Re: [openstack-dev] Re : welcoming new committers (was Re: When is it okay for submitters to say 'I don't want to add tests' ?)

2013-11-04 Thread John Dennis
On 10/31/2013 10:36 PM, Jeremy Stanley wrote:
 As has been said many times already, OpenStack does not lack
 developers... it lacks reviewers.

In regards to reviews in general and in particular for welcoming new
committers I think we need to be careful about reviewers NAK'ing a
submission for what is essentially bikeshedding [1]. Reviewers should
focus on code correctness and adherence to required guidelines and not
NAK a submission because the submission offends their personal coding
preferences [2].

If a reviewer thinks the code would be better with changes which do not
affect correctness and are more in the vein of style modifications
they should make helpful suggestions but give the review a 0 instead of
actually NAK'ing the submission.

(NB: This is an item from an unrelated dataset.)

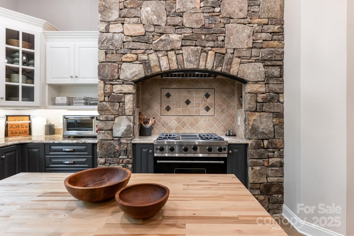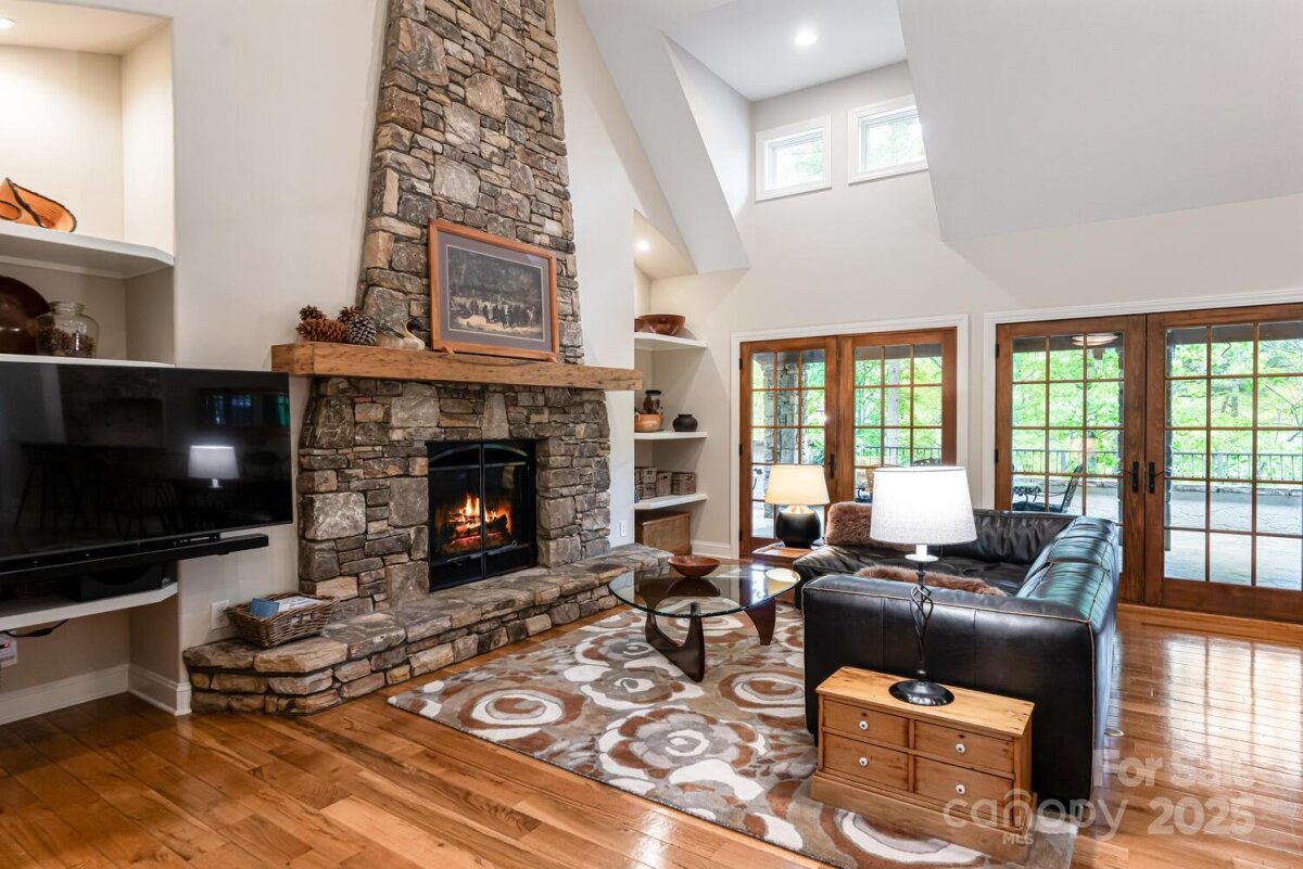 Exquisite Mountain Sanctuary on 1.3 Acres with Unparalleled Landscaping & Luxury Finishes. Prepare to be captivated by this truly exceptional residence — a stunning architectural masterpiece set on 1.3 private acres, surrounded by meticulously curated gardens, extensive stonework, and lush landscaping. From the moment you arrive the long, elegant driveway and cobblestone-paved courtyard set the tone for the refined mountain living that awaits. Step inside to soaring cathedral ceilings, solid hickory hardwood floors, and an open-concept layout that seamlessly connects the great room, dining room, and gourmet kitchen. A dramatic floor-to-ceiling stone fireplace with a custom hickory mantle is flanked by built-in architectural shelving, offering warmth and sophistication in equal measure. The chef’s kitchen is a true showpiece, featuring granite countertops, a large breakfast bar, high-end stainless steel appliances, a built-in Miele espresso machine, and a striking floor-to-ceiling stone surround encasing the 36-inch Viking gas range and vent hood. A large walk-in pantry and custom kitchen office with built-in hickory desk and shelving complete this entertainer’s dream. Retreat to the luxurious primary suite, which includes a walk-in closet with built-ins and a spa-inspired bathroom featuring a freestanding soaking tub, dual vanities, and a beautifully tiled walk-in shower. Completing the main level is a powder bath and laundry room with sink and cabinetry. The finished lower level offers a spacious family/recreation room, two guest bedrooms (one ideal as a home office), a full bath, and an expansive heated storage space. A handcrafted timber-framed breezeway connects the home to the oversized, heated two-car garage with a dedicated workshop. Outdoor living is nothing short of magical, with a timber-framed main level patio finished in slate and decorative iron railings, plus a terrace-level patio perfect for quiet moments or entertaining. The breathtaking landscaping includes stone steps, paths, and hardscape details that create a garden sanctuary unlike any other. Located just minutes from Asheville, Hendersonville, Brevard, and the Asheville Regional Airport, this is luxury mountain living at its absolute finest — truly a one-of-a-kind property that must be seen to be fully appreciated. | Basic Information

NAK'ed reviews based on style issues
force the submitter to adhere to someone else's unsubstantiated opinion
and slows down the entire contribution process while submissions are
reworked multiple times without any significant technical change. It's
also demoralizing for submitters to have their contributions NAK'ed for
reasons that are issues of opinion only, the submitter has to literally
submit [3].

[1] http://en.wiktionary.org/wiki/bikeshedding

[2] Despite the best attempts of computer science researchers over the
years software development remains more of a craft than a science with
unambiguous rules yielding exactly one solution. Often there are many
valid approaches to solve a particular coding problem, the selection of
one approach often boils down to the personal preferences of the
craftsperson. This does not diminish the value of coding guidelines
gleaned from years of analyzing software issues, what it does mean is
those guidelines still leave plenty of room for different approaches and
no one is the arbiter of the one and only correct way.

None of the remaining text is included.